* _EXERCISE AIM_: Return the listing below exactly, with the pictures dropped.
START GIVEN DATA
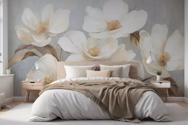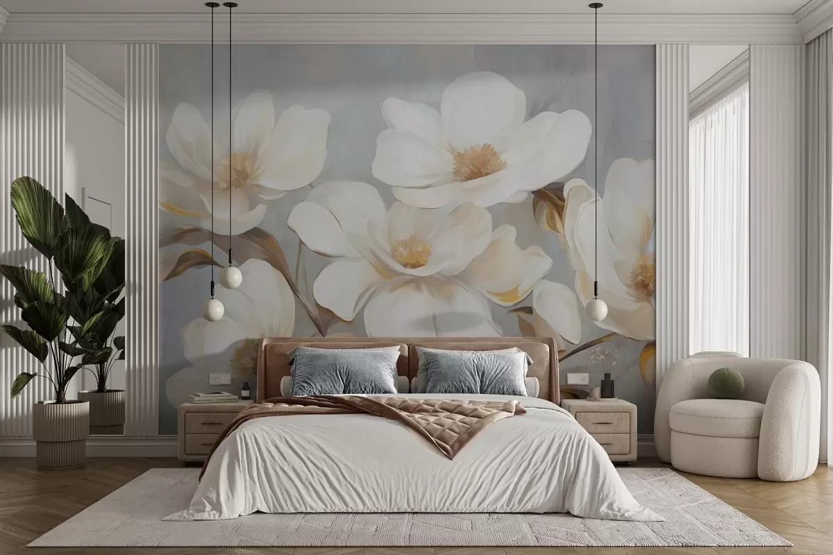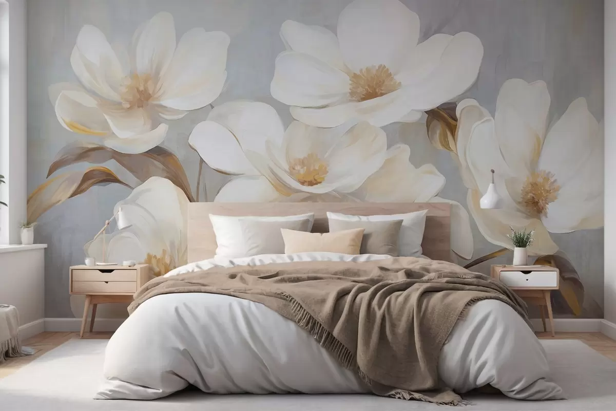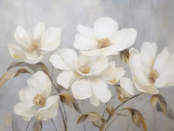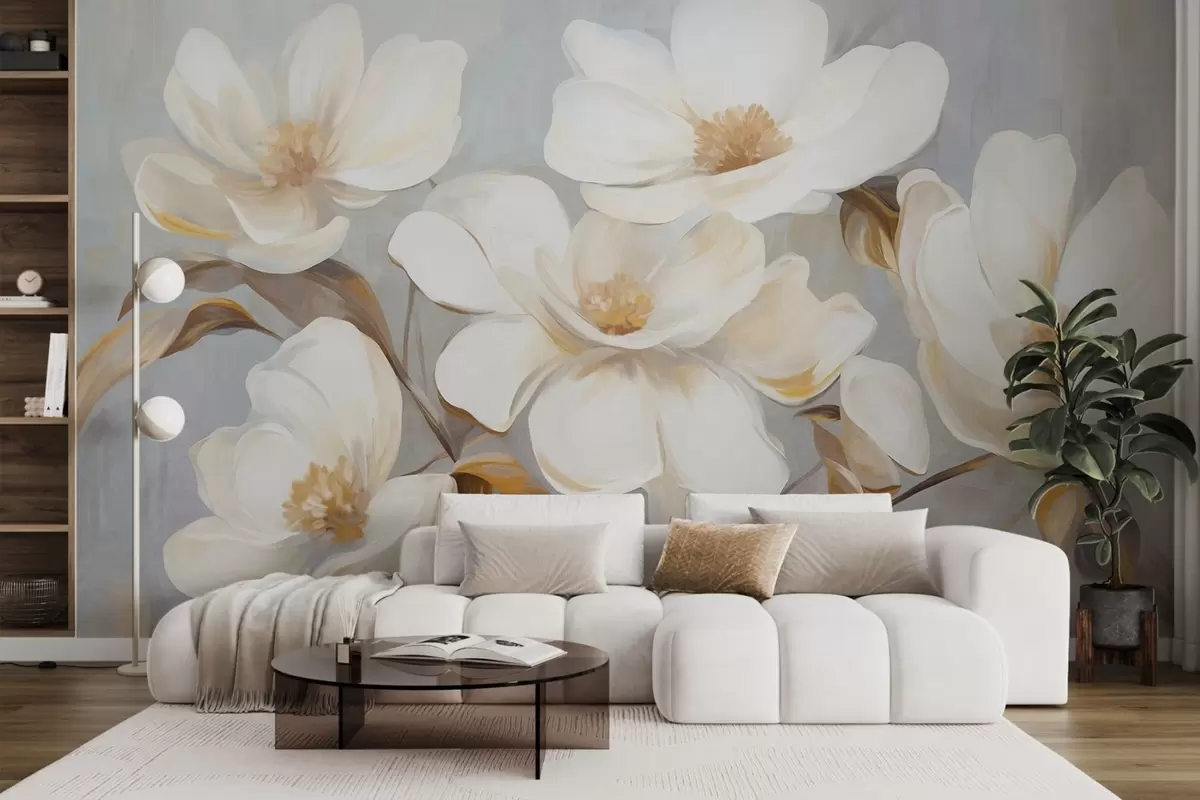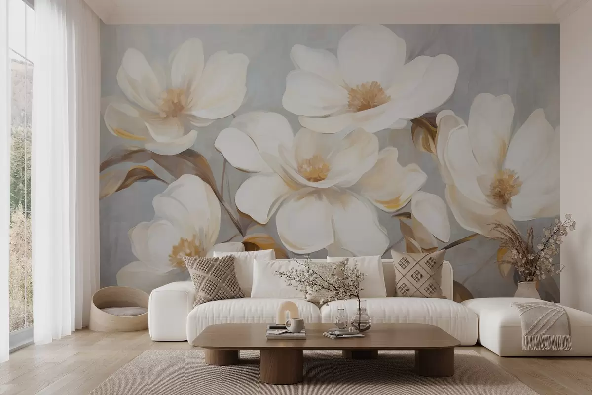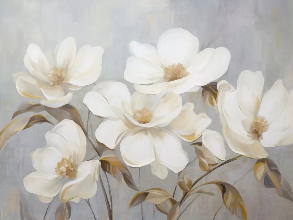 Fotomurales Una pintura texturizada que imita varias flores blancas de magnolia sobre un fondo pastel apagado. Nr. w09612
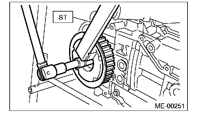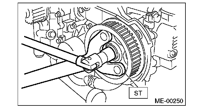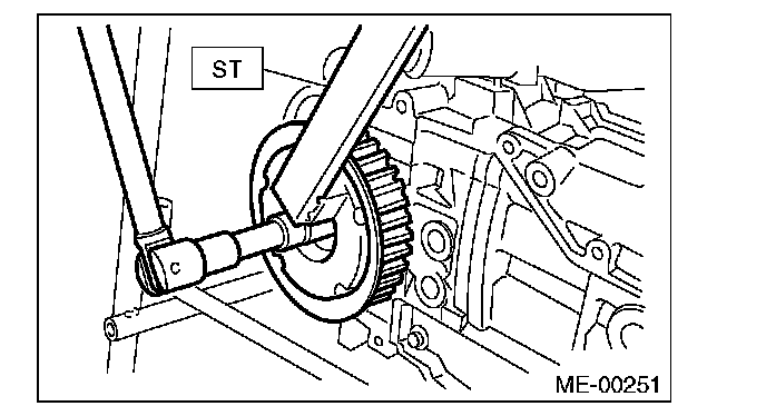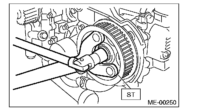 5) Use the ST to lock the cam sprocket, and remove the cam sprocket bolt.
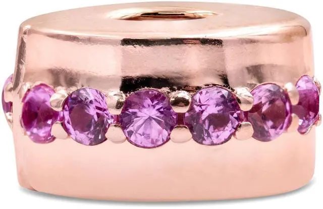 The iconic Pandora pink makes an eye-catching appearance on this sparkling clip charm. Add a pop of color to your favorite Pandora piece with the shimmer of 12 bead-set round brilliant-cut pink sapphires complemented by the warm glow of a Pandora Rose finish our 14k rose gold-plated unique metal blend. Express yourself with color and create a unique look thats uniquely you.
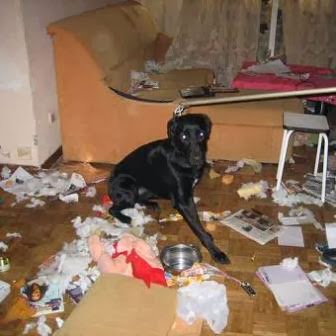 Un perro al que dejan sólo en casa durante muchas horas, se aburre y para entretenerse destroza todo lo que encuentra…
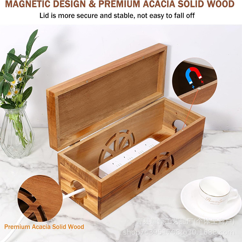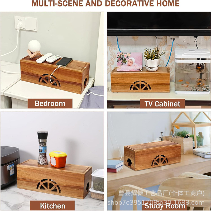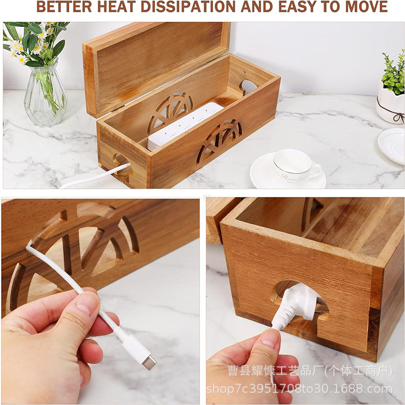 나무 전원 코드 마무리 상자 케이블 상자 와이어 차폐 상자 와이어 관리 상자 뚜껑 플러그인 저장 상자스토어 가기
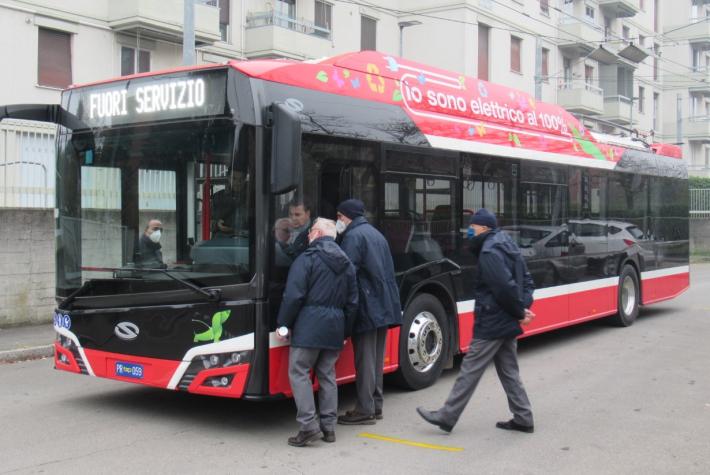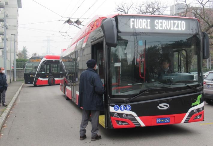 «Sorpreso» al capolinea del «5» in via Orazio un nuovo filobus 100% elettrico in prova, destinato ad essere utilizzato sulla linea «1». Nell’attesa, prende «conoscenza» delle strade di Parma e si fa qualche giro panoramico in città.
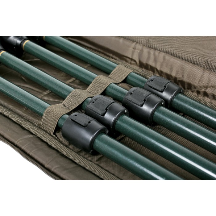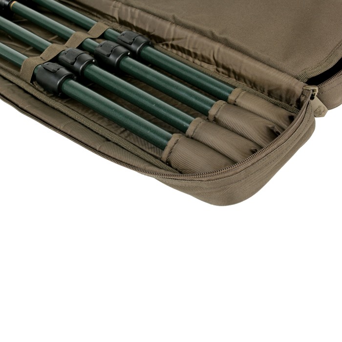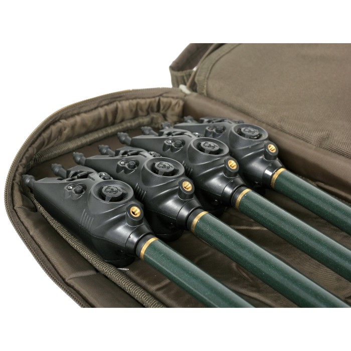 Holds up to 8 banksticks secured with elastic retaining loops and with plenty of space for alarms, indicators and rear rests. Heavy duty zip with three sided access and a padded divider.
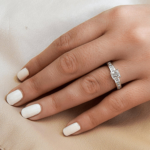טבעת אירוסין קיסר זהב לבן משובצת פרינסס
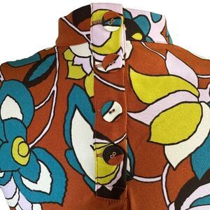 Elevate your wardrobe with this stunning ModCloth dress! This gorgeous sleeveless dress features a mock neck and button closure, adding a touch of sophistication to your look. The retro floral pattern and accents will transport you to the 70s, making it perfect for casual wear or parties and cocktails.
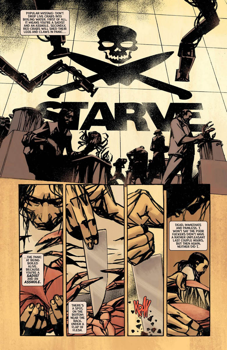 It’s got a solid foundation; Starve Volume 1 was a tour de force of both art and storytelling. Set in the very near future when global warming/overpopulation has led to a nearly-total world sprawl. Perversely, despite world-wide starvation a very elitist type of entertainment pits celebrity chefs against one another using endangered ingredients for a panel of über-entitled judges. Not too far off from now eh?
END GIVEN DATA
* _RESPONSE_:
 Fotomurales Una pintura texturizada que imita varias flores blancas de magnolia sobre un fondo pastel apagado. Nr. w09612
 5) Use the ST to lock the cam sprocket, and remove the cam sprocket bolt.
 The iconic Pandora pink makes an eye-catching appearance on this sparkling clip charm. Add a pop of color to your favorite Pandora piece with the shimmer of 12 bead-set round brilliant-cut pink sapphires complemented by the warm glow of a Pandora Rose finish our 14k rose gold-plated unique metal blend. Express yourself with color and create a unique look thats uniquely you.
 Un perro al que dejan sólo en casa durante muchas horas, se aburre y para entretenerse destroza todo lo que encuentra…
 나무 전원 코드 마무리 상자 케이블 상자 와이어 차폐 상자 와이어 관리 상자 뚜껑 플러그인 저장 상자스토어 가기
 «Sorpreso» al capolinea del «5» in via Orazio un nuovo filobus 100% elettrico in prova, destinato ad essere utilizzato sulla linea «1». Nell’attesa, prende «conoscenza» delle strade di Parma e si fa qualche giro panoramico in città.
 Holds up to 8 banksticks secured with elastic retaining loops and with plenty of space for alarms, indicators and rear rests. Heavy duty zip with three sided access and a padded divider.
טבעת אירוסין קיסר זהב לבן משובצת פרינסס
 Elevate your wardrobe with this stunning ModCloth dress! This gorgeous sleeveless dress features a mock neck and button closure, adding a touch of sophistication to your look. The retro floral pattern and accents will transport you to the 70s, making it perfect for casual wear or parties and cocktails.
 It’s got a solid foundation; Starve Volume 1 was a tour de force of both art and storytelling. Set in the very near future when global warming/overpopulation has led to a nearly-total world sprawl. Perversely, despite world-wide starvation a very elitist type of entertainment pits celebrity chefs against one another using endangered ingredients for a panel of über-entitled judges. Not too far off from now eh?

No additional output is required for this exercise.